The output should be the listing below, limited to the lines from the one with "You may also" through the one with "Shahzain name meaning", exact and without pictures.

EXCERPTED DATA.

====

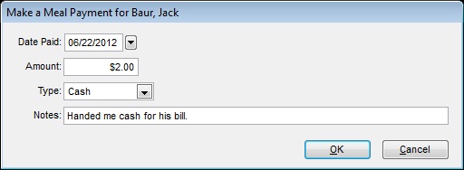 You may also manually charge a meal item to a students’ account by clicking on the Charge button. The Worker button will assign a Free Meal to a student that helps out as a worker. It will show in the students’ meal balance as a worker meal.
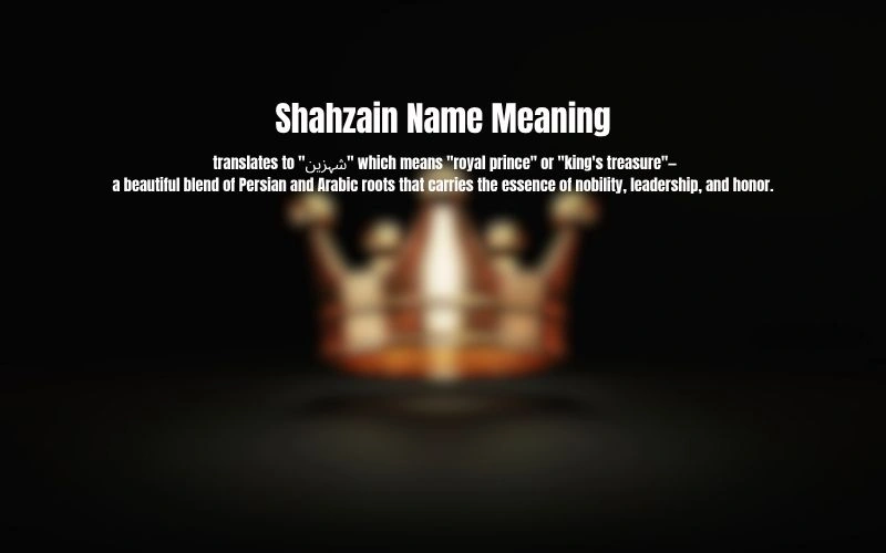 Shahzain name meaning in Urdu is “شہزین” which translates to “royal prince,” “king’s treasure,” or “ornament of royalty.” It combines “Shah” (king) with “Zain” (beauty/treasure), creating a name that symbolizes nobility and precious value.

====

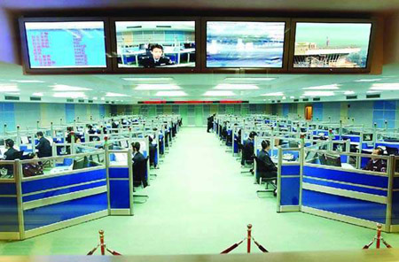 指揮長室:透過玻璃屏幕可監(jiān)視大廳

====

WRITTEN ANSWER.
 You may also manually charge a meal item to a students’ account by clicking on the Charge button. The Worker button will assign a Free Meal to a student that helps out as a worker. It will show in the students’ meal balance as a worker meal.
 Shahzain name meaning in Urdu is “شہزین” which translates to “royal prince,” “king’s treasure,” or “ornament of royalty.” It combines “Shah” (king) with “Zain” (beauty/treasure), creating a name that symbolizes nobility and precious value.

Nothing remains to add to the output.